Lipka J J, Santiago P, Chan L, Reyes G R, Samuel K P, Blattner W A, Shaw G M, Hanson C V, Sninsky J J, Foung S K
Department of Pathology, Stanford University School of Medicine, Palo Alto, CA.
J Infect Dis. 1991 Aug;164(2):400-3. doi: 10.1093/infdis/164.2.400.
Disease association studies of human T cell lymphotropic virus (HTLV) types I and II are hindered by the need for multiple assays to confirm and differentiate between the viruses. A modified Western blot assay has been developed using HTLV-I viral lysate and unique (MTA-4) and shared (p21E) HTLV recombinant proteins. By defining confirmation of infection as the presence of antibodies to p24 gag protein and to p21E, all 56 HTLV-I and 49 HTLV-II antisera were confirmed by this modified Western blot alone. Differentiation was determined by reactivity to MTA-4. All HTLV-I antisera reacted with MTA-4 and all HTLV-II antisera did not react with MTA-4. These findings indicate the utility of selected HTLV-I recombinant proteins in a single assay format to confirm and differentiate infections with HTLV-I and HTLV-II.

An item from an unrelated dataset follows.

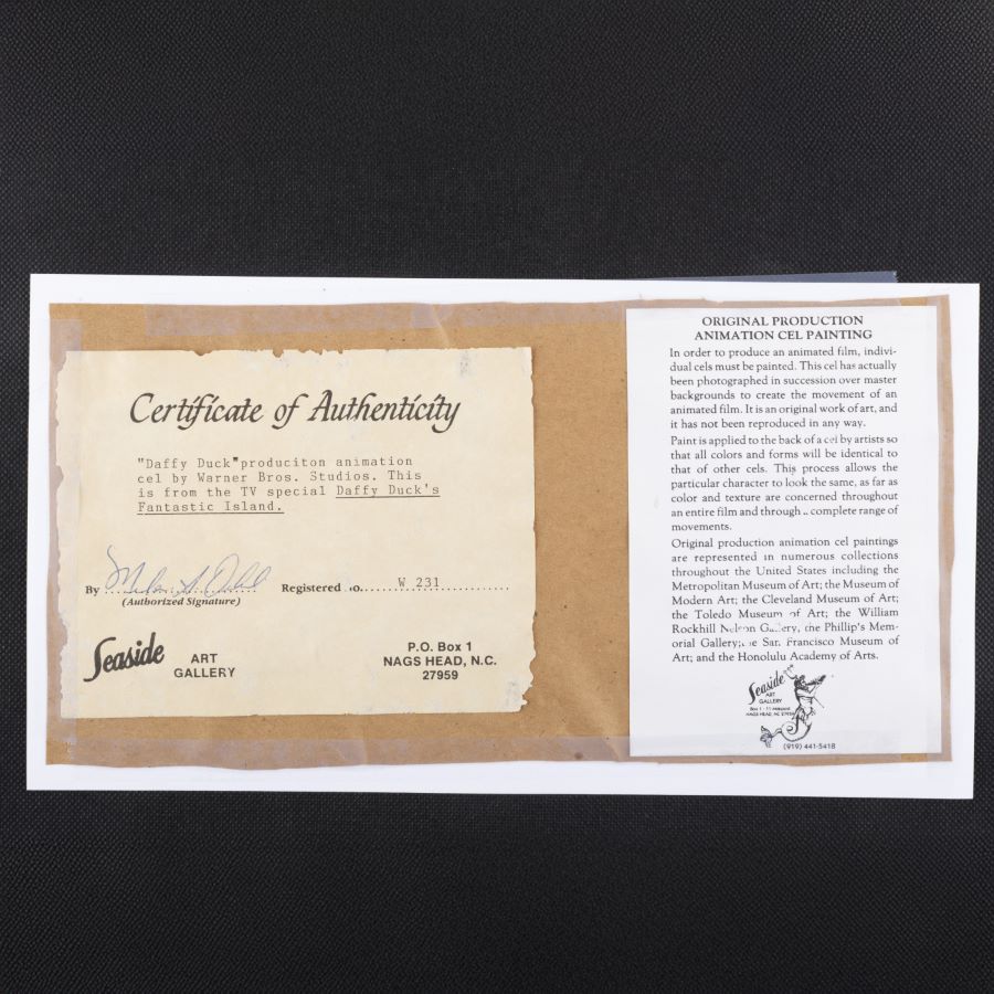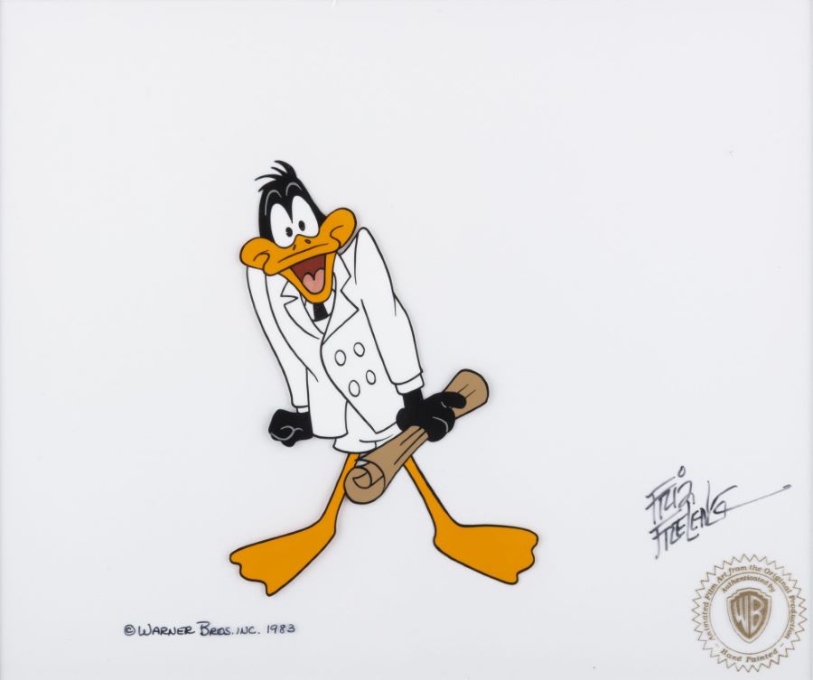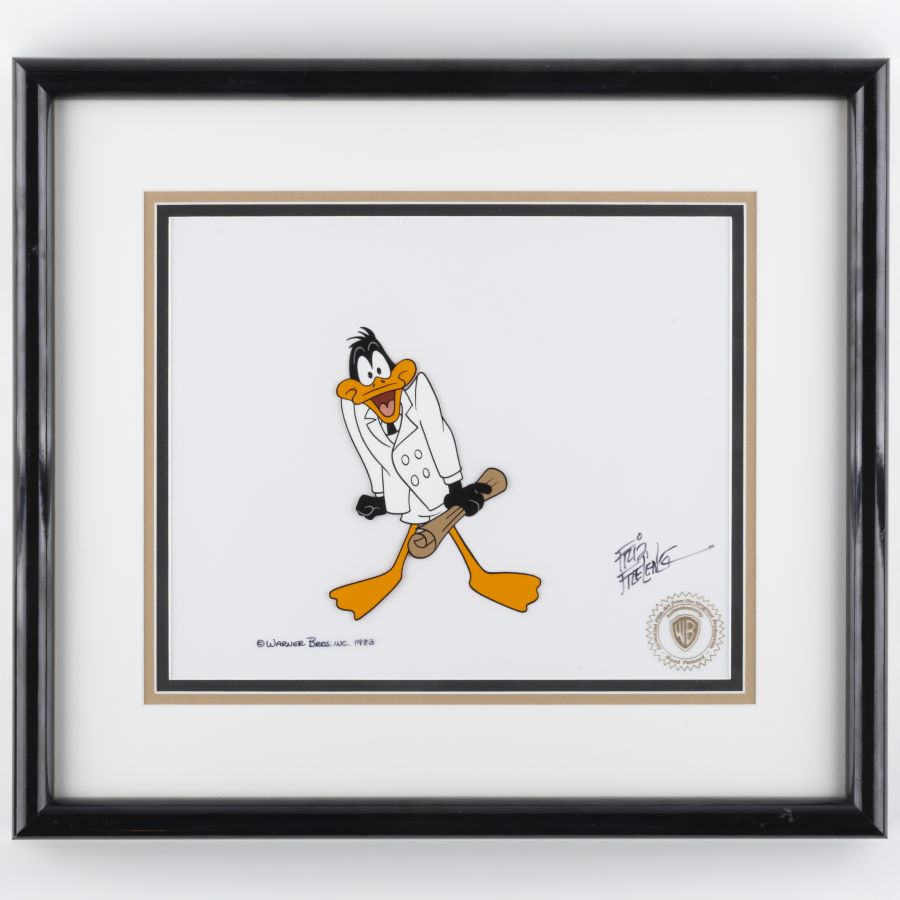 A production cel from the Warner Bros. Studios animated film “Daffy Duck’s Fantastic island” (1983). Featuring Daffy Duck dressed in a white suite and holding a map, the hand-painted cel was created at the studio and used during the animation process. The piece is an actual frame of animation that was photographed and appears in the cartoon. The piece was originally released through the WB Studios art program and has been signed by WB Director Friz Freleng. Measuring 15”x16.75” framed, with the mat opening measuring 9”x10.75” and the character image measuring 5.5”x4”, the cel is in very good condition, unexamined out of the frame, with wear from storage and handling throughout the frame itself.

人类嗜T细胞病毒(HTLV)I型和II型的疾病关联研究因需要多种检测方法来确认和区分这两种病毒而受到阻碍。利用HTLV-I病毒裂解物以及独特的(MTA-4)和共享的(p21E)HTLV重组蛋白,开发了一种改良的蛋白质印迹检测法。通过将感染确认定义为存在针对p24 gag蛋白和p21E的抗体,仅通过这种改良的蛋白质印迹法就确认了所有56份HTLV-I抗血清和49份HTLV-II抗血清。通过对MTA-4的反应性来确定区分。所有HTLV-I抗血清都与MTA-4反应,而所有HTLV-II抗血清都不与MTA-4反应。这些发现表明,所选的HTLV-I重组蛋白在单一检测形式中可用于确认和区分HTLV-I和HTLV-II感染。